The previous owners had been passionate gardeners. The tomatoes were already in the ground. There were four raised beds with, among other items, peas, radishes, mustard greens, melons and walking onions, a type of onion that produces baby onions on stalks instead of flowers. The rhubarb, a cutting from the previous owners’ parents’ 50-year-old patch, was going gangbusters.

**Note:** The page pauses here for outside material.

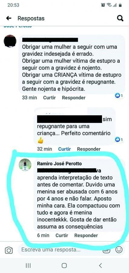 Após compartilhar uma publicação do presidente da Conferência Nacional dos Bispos do Brasil (CNBB), o padre Ramiro José Perotto, de Carlinda (762 km ao norte de Cuiabá), afirmou que a menina de 10 anos, vítima de estupro no Espírito Santo, “gosta de dar”. O print do comentário circula nas redes sociais.

“It was probably 6 feet tall, taller than my head,” Brianna said. She’d never tasted rhubarb before, but she was an avid cook and she dove right in, making “everything you could think of” that summer, a rhubarb crumble, rhubarb simple syrup, even pulled pork with rhubarb.
She also dove into gardening. Though she and her fiancé — their wedding is in May — had mostly lived in Boston apartments since college, she took to it like a hummingbird to bee balm.

In their first summer, the couple mostly just harvested and tried to figure out what had already been planted — an ongoing process. Their second summer, Steven built a lettuce table and drew a diagram so they could track what they had and what they might like to do in the future.
This coming summer, Steven plans to build a trellis for cucumbers.
Brianna has grown vegetables from seed and has saved some for next summer. Last year, the broccolini and kale were not a roaring success. “We had the cabbage worms on those,” Brianna said. She struggled to get the carrots to germinate. But she mastered tomato sauce from her own tomatoes, and is eager for the two young apple trees to begin to fruit. “That will be really cool.”
Steven credits Brianna with 90% of the work. But listening to him talk, you wonder if his math is off.
He confesses to being 100% in when it comes to garden building projects. They share the task of mowing: Steven does the front yard, Brianna the back. Steven helps with weeding and harvesting, especially when, say, the tomatillos suddenly all need picking at once.
The only fighting they do in the garden, Steven joked, is against the weeds.
And if sometimes things don’t quite go as planned — what gardener doesn’t face that? — no problem. “We’re just experimenting,” Steven said. “It’s fun. The bank has us here for at least 30 years, so we got plenty of time to iterate on it.”